▸ Directions for this task
For this task, output exactly the lines of the material below starting at the line with "MT/T 514.3-1995 蒸汽机车用徐州矿务局煤技术条件" and ending at the line with "Located in the"; pictures are to be excluded.

▸ Stored data
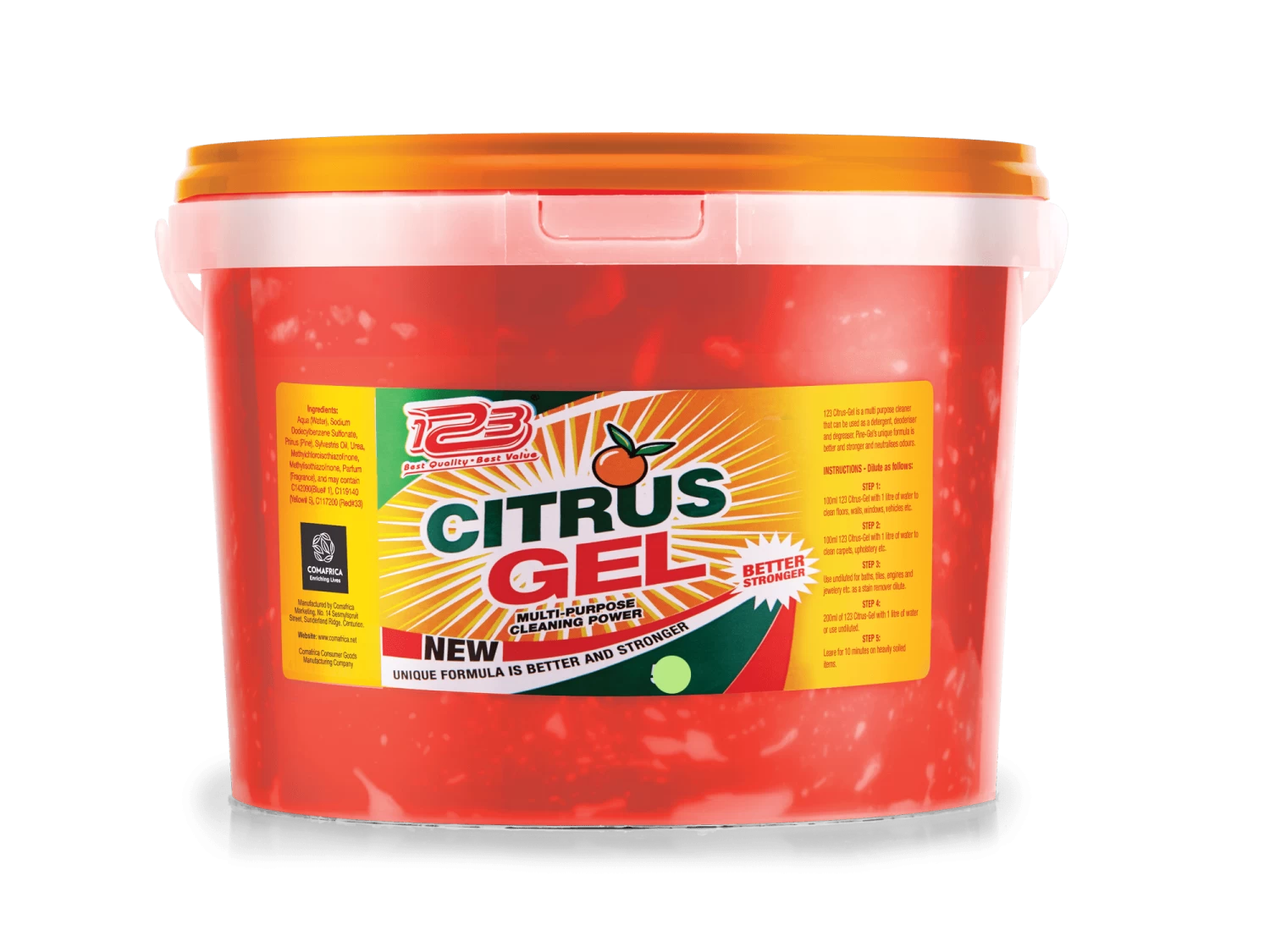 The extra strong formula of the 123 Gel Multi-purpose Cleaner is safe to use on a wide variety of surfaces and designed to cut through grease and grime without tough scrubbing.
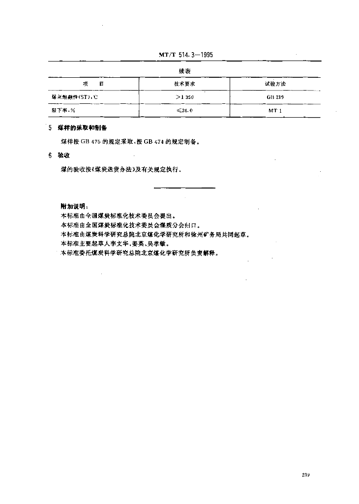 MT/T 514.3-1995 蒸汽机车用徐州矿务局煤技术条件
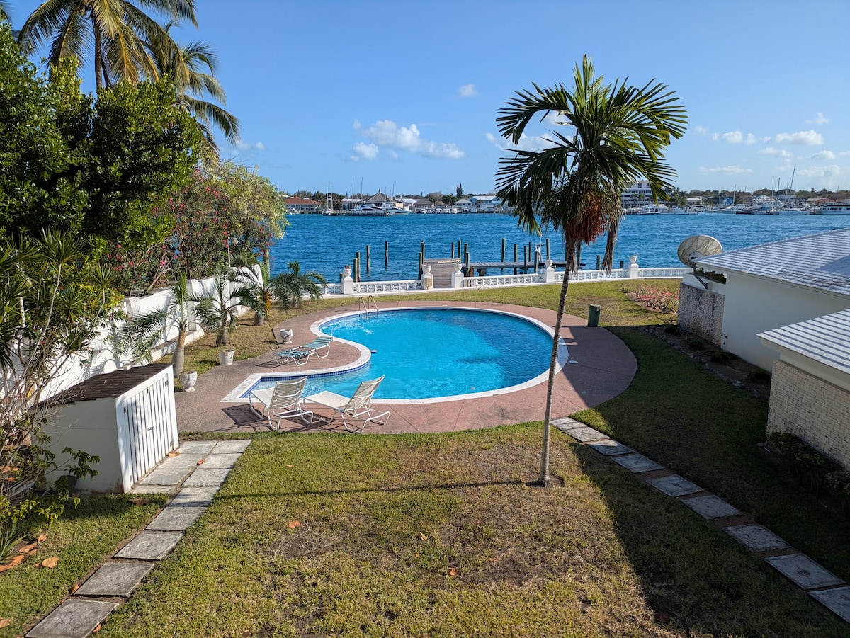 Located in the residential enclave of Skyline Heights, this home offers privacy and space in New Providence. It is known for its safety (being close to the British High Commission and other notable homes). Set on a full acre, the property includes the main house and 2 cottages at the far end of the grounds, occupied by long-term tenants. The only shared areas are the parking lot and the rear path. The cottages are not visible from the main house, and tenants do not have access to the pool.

==

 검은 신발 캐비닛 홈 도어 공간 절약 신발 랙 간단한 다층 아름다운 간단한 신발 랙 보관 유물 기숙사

▸ Written response
 MT/T 514.3-1995 蒸汽机车用徐州矿务局煤技术条件
 Located in the residential enclave of Skyline Heights, this home offers privacy and space in New Providence. It is known for its safety (being close to the British High Commission and other notable homes). Set on a full acre, the property includes the main house and 2 cottages at the far end of the grounds, occupied by long-term tenants. The only shared areas are the parking lot and the rear path. The cottages are not visible from the main house, and tenants do not have access to the pool.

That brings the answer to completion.